2. Duplicate Page Set:

Possible issues:

A set of duplicate pages that shares an identical title, description and nearly identical content which may affect the page ranking.

Recommendation:

Title, description, and content should unique from each other.

3. Paginated 2+ Pages:

Possible issues:

The Pagination breaks down show all pages which were found in paginated sets in the crawl. First pages are those which do not have a prev link, and paginated are all others.

Recommendation:

Add pagination carefully.

4. Canonicalized Pages:

Possible issues:

Pages with URLs that are different to the canonical URL specified in the canonical tag in either the HTML or HTTP header.

Recommendation:

Canonical version of the page should be specified in the header.

5. 301 Redirects:

Possible issues:

URL that redirects to another URL with 301 HTTP status codes, which is also used for permanent redirect.

Recommendation:

Redirect should be kept in minimum.
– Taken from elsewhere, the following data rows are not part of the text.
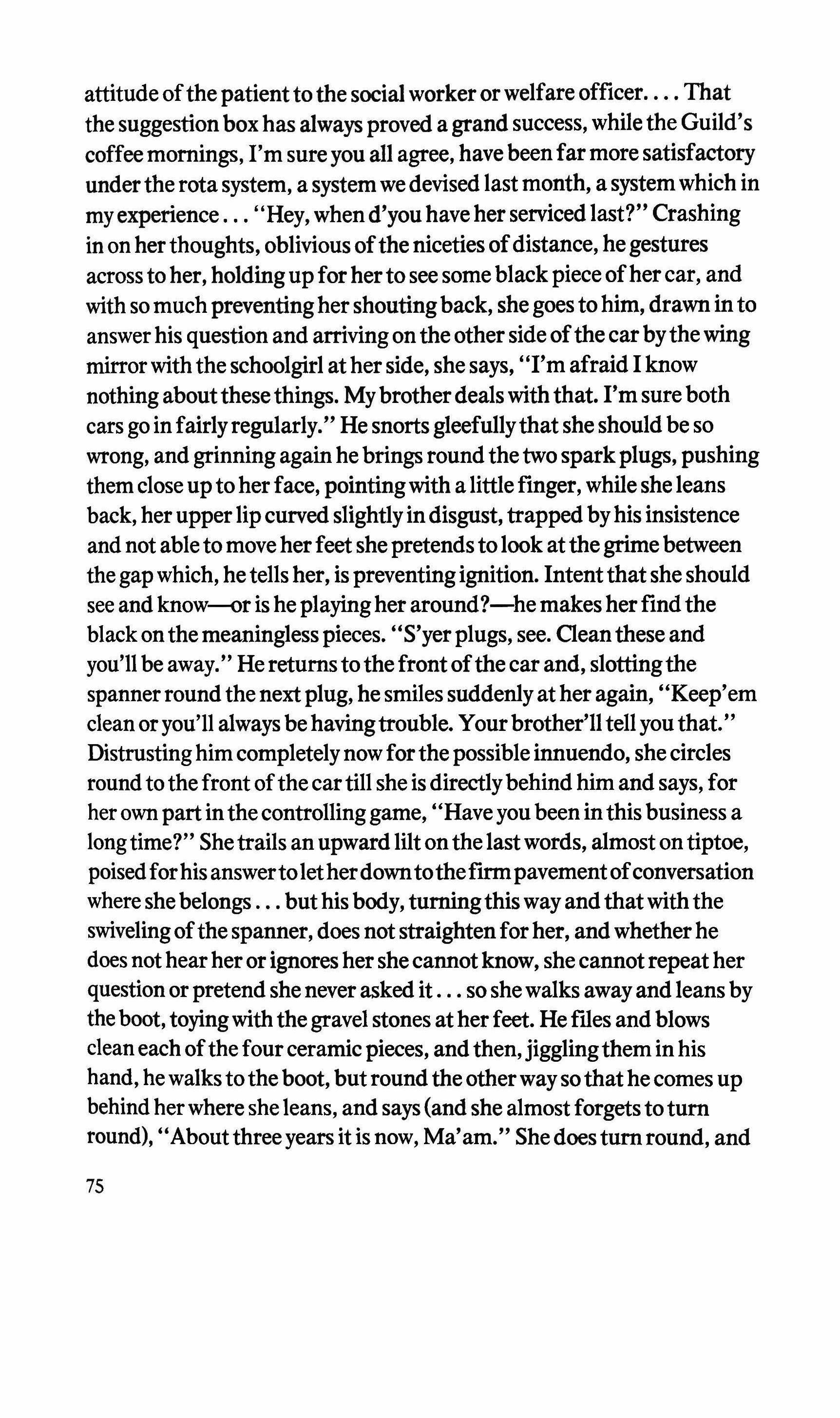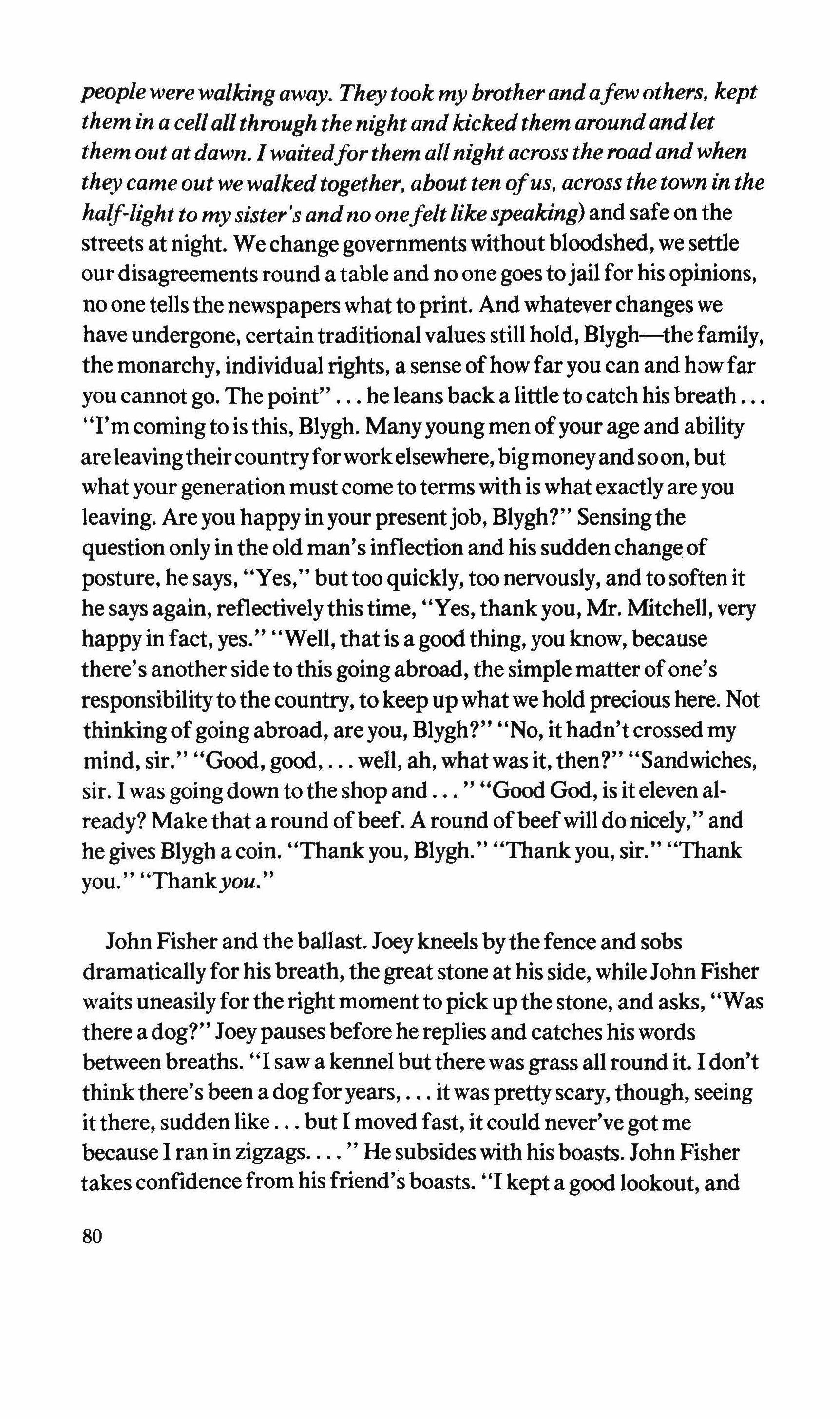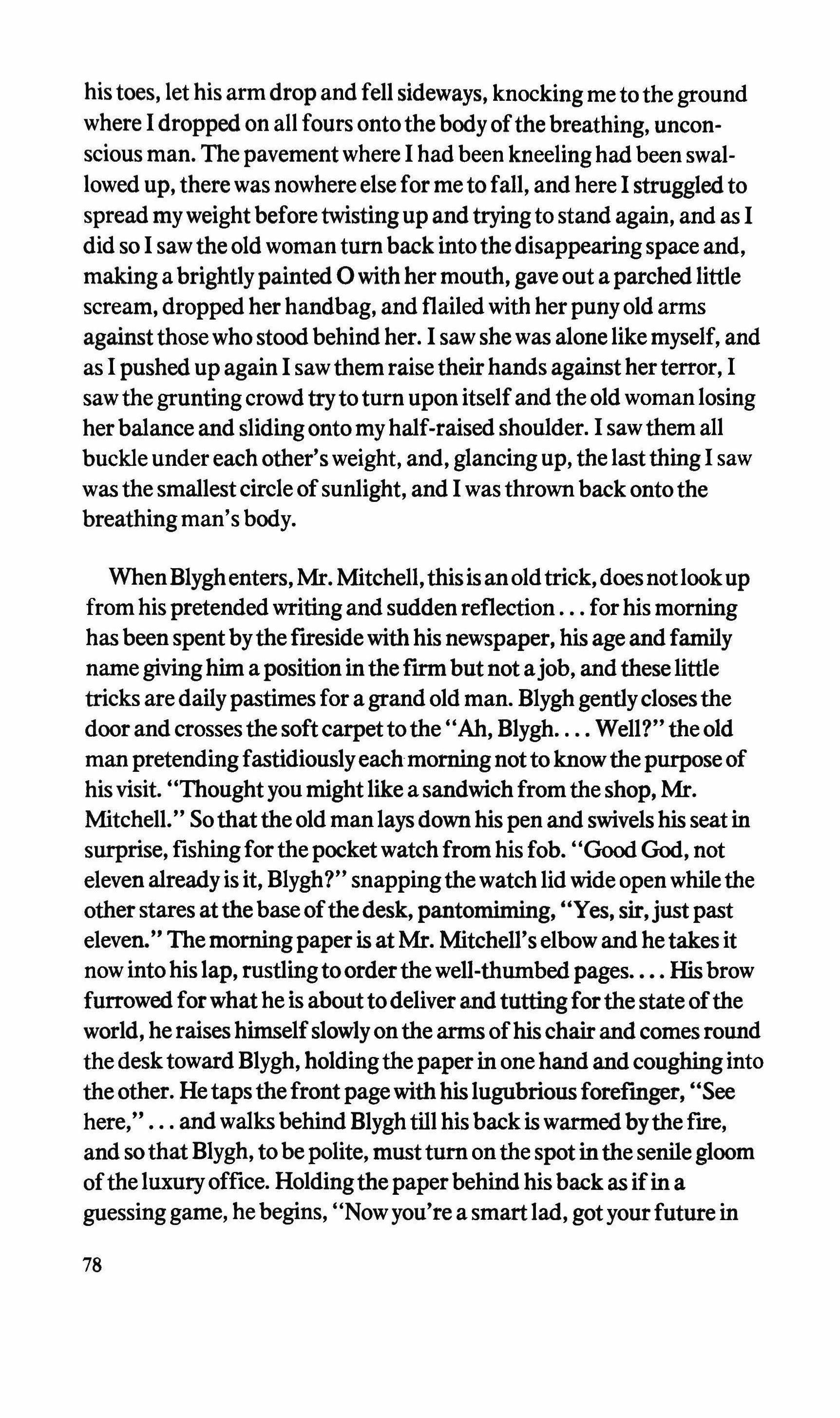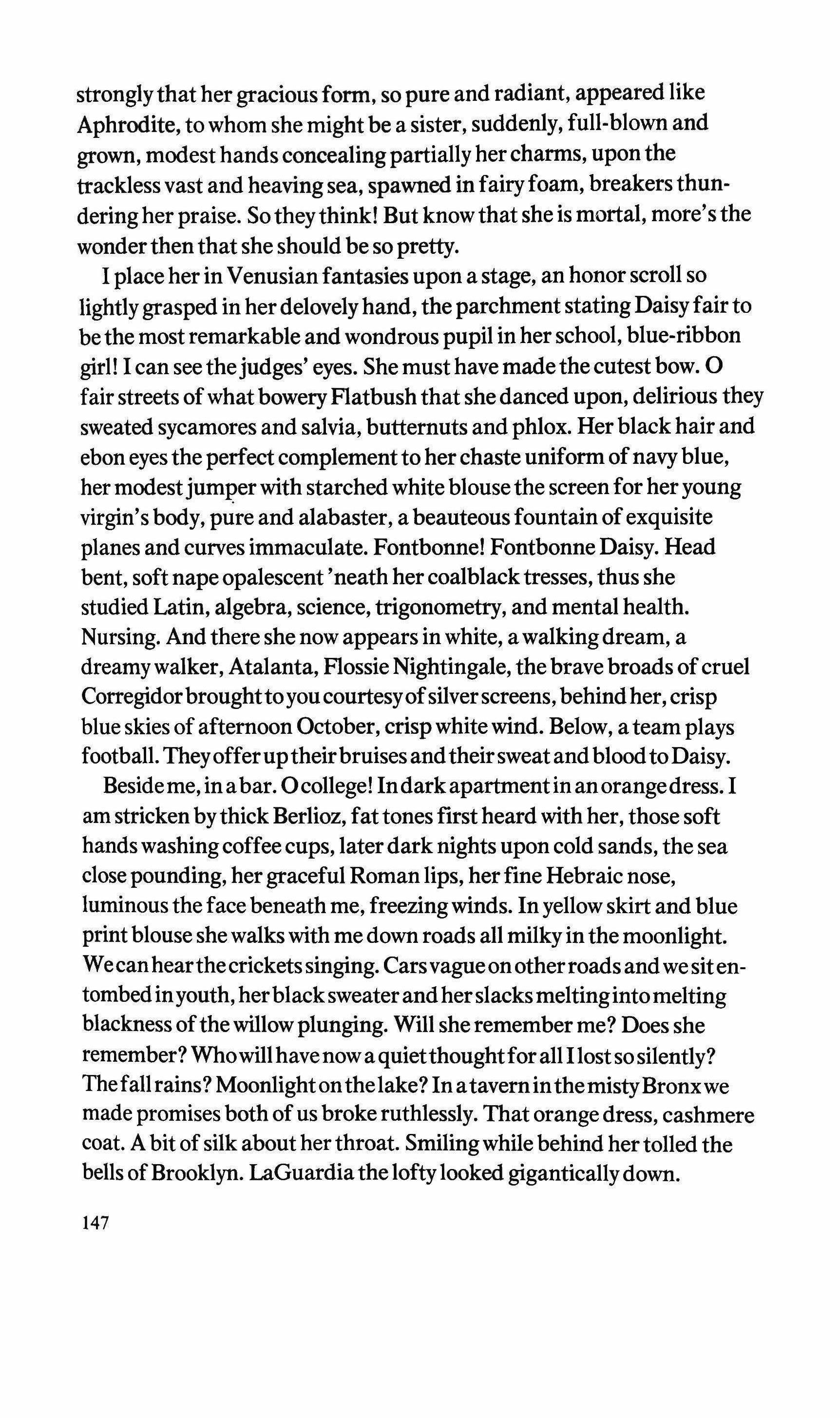 As I was saying, Moulton was more withdrawn each Christmas he came back: bittersweet, perspicacious, but reluctant to exercise his perfectcontrol. My own theory, havingbeen forcedbycircumstancesto scan much serious literature, was that hisfine preparation had merely begun to lose its dazzle, that his potential had become a cumbersome and slightly ridiculous bearward. He no longerfathomed eitherthe sources or the uses ofhis considerable power. He was becoming more invisible, or rather hazier, bythe day. I shall never have such power, but I will never be so alone.
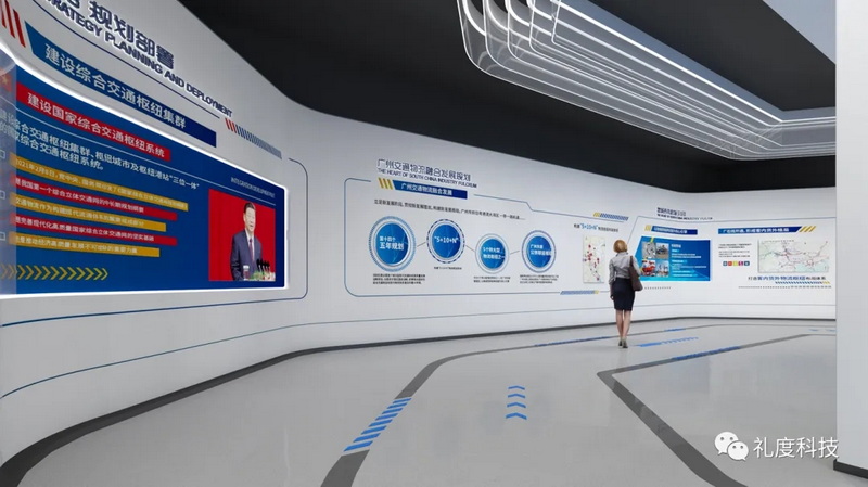 結合火車元素的流線展板,通過發(fā)光燈帶和圖文/燈箱的方式,展示國家政策趨勢要求、宏觀戰(zhàn)略規(guī)劃部署、廣州交通物流融合發(fā)展規(guī)劃;
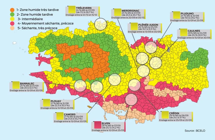 En zone très précoce (cf. carte), les ensilages, démarrés fin août, ont bien avancé. Les chantiers battent leur plein cette semaine en zone moyennement séchante, dans le Sud-Morbihan où les teneurs en matière sèche mesurées par BCEL Ouest s’échelonnaient de 25 à 34 % jeudi 7 septembre à Elven (56), par exemple. Des résultats similaires à ceux de l’année passée, voire avec une légère anticipation des chantiers d’ensilage à programmer. Les premiers échos annoncent une récolte de qualité, avec des taux de matière sèche moins élevés que l’année passée, et de bons rendements de 14 à 16 t MS.
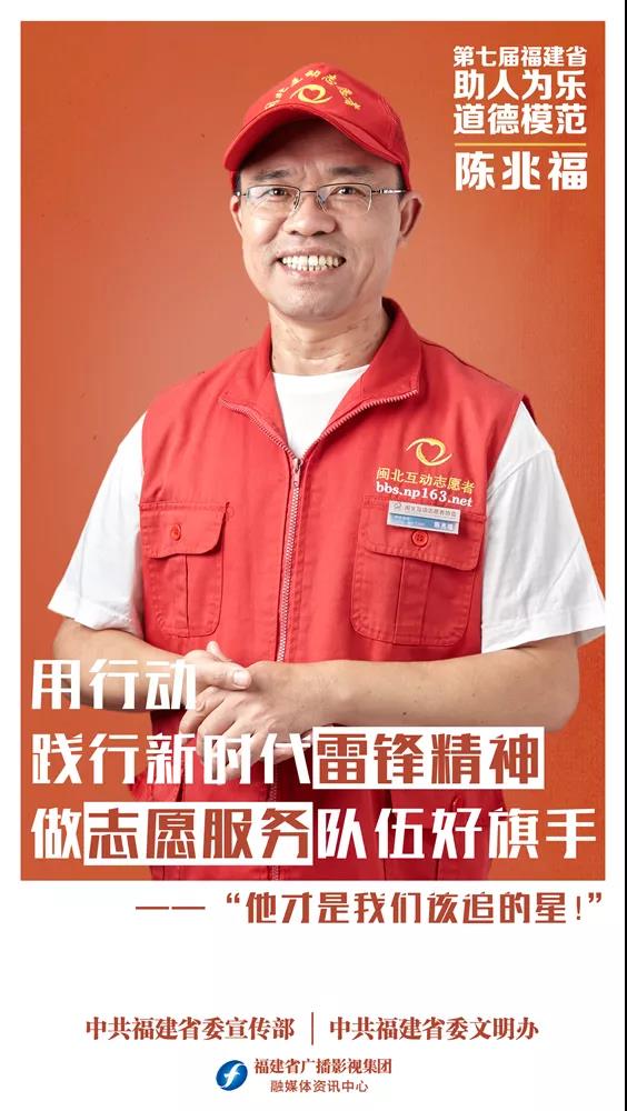 陈兆福,男,1974年2月出生,南平市闽北互动志愿者协会会长。陈兆福穿梭于城乡的大街小巷,从事志愿服务已13年。他牵头成立了“南平市闽北互动志愿者协会”,目前协会志愿服务时长达6.5万余小时,累计募集款物500余万元,结对帮扶村镇社区贫困老人260多名,资助贫困学生860余名,服务城乡群众10余万人次。
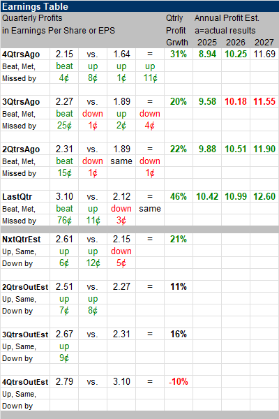 Qtrly Profit Estimates for the next 4 qtrs are 21%, 11%, 16%, and -10%. Analysts think revenue will grow 15% next quarter. Depreciation costs will accelerate slightly this quarter. Sales and Marketing expenses will be higher towards the end of the year to support product launches and the holiday season.
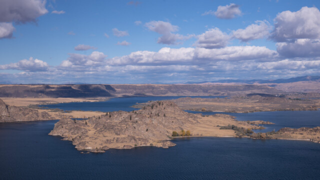 In diesem Tal floss der Columbia River während der letzten Eiszeit, um eine Eisbarriere umfliessen zu können, also bis vor rund 10’000 Jahren. Danach floss in diesem Tal bis in die fünfziger Jahre kein Fluss mehr. Seit 1952 wird Wasser vom Stausee in dieses Tal hochgepumpt und seitdem gibt es hier mehrere Stauseen und Kanäle, deren Wasser weiter im Süden für die Landwirtschaft genutzt wird.
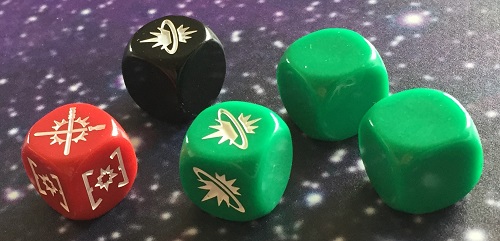 Les nouveaux dés verts, au nombre de trois et n’ayant que deux faces efficaces
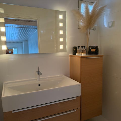 Kylpyhuoneen allaskaappi pesualtaalla puunvärinen
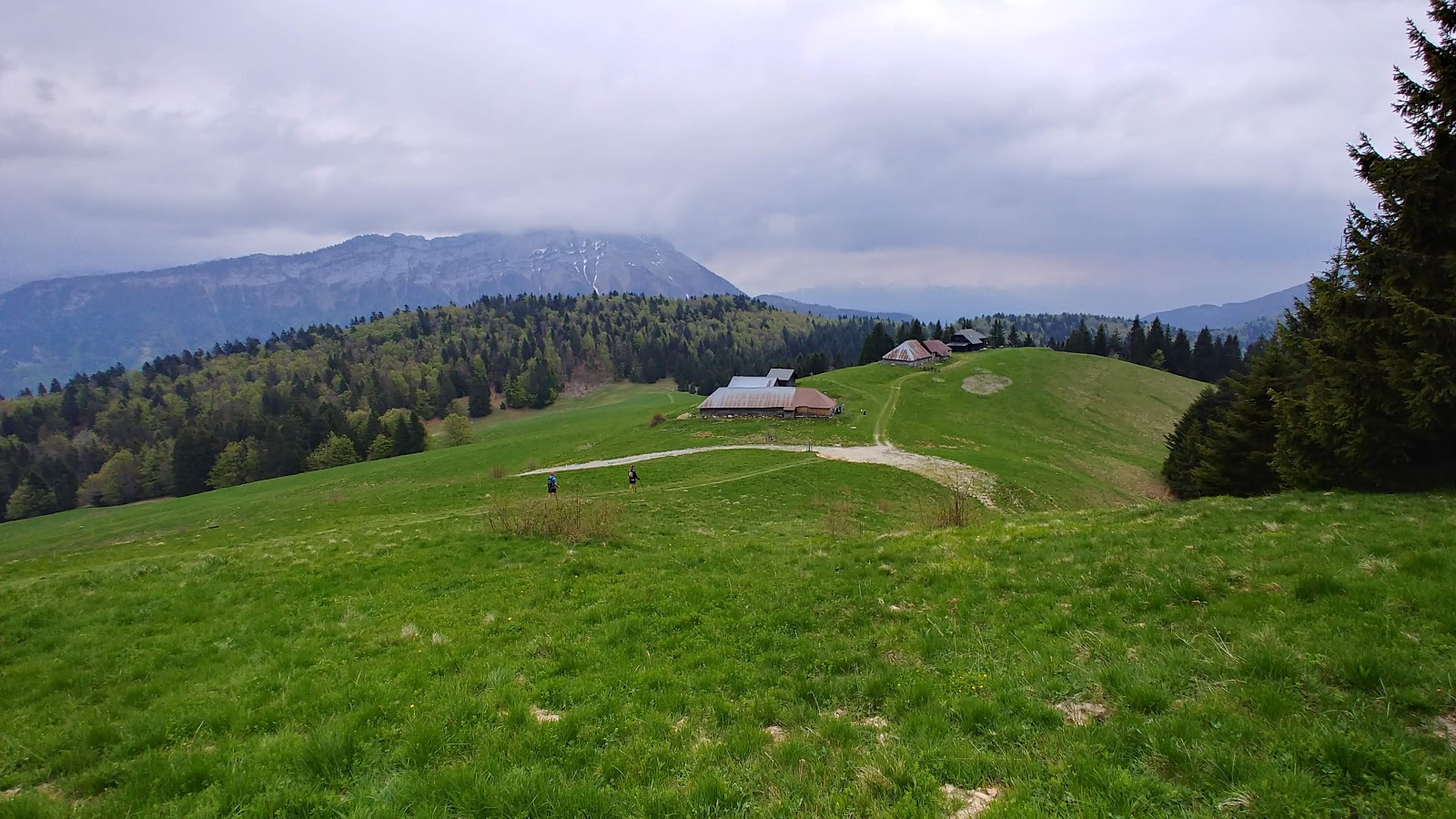 Le chemin jusqu’au Pelat est irrégulier. Il alterne des passages assez roulants avec des coups de culs et des petits singles rigolos en forêt. Puis on débouche sur un petit chalet d’alpage avec une vue imprenable à l’est sur la Dent d’Arclusaz (petite pensée pour Laurent ;) ) qui est un peu embrumée, et ça ne va pas s’arranger. En effet alors que j’entame la montée de 200 mD+ sur le Pelat, le ciel noircit à l’ouest. Jusque-là on avait juste eu des petites gouttes par-ci par-là, nickel pour se rafraichir, mais cette fois on va y avoir droit. A moins d’un kilomètre du ravito je dois remettre la veste car l’averse est là pour de bon, et ça mouille !

Too many redirects may slow down the site and also creates problem in crawling.

6. 5xx Errors:

Possible issues:

URL that returns any 5xx server error HTTP status code, such as a 503, often caused by a temporary server performance problem or a permanent issue.

Recommendation:

This error indicates server error which can only be fixed internally or by reconfiguring host.

7. Broken Pages (4xx Errors):

Possible issues:

URLs that return a 4xx status code, such as a 404, indicating a valid page could not be returned by the server because it doesn’t exist.

Recommendation:

Remove pages that have a 4xx error or redirect the page to another page.

8. Unauthorized Pages:

Possible issues:

Pages which return a 401, 403, or 407 HTTP response code, indicating that the content could not be served, and therefore will not be indexed in search engines.

Recommendation:

Analyze your site before indexing, so that there’s no page that returns 401, 403, 407 error, remove or redirect those pages with 401, 403, 407. These pages may harm your ranking in the search result.

9. Failed URLs:

Possible issues:

URLs which were crawled, but did not respond within the Deep Crawl timeout period of 9 seconds.

Recommendation:

Blocked by Robots, pages with noindex, sitemap priority set to zero these are the reasons that may lead to crawling issues.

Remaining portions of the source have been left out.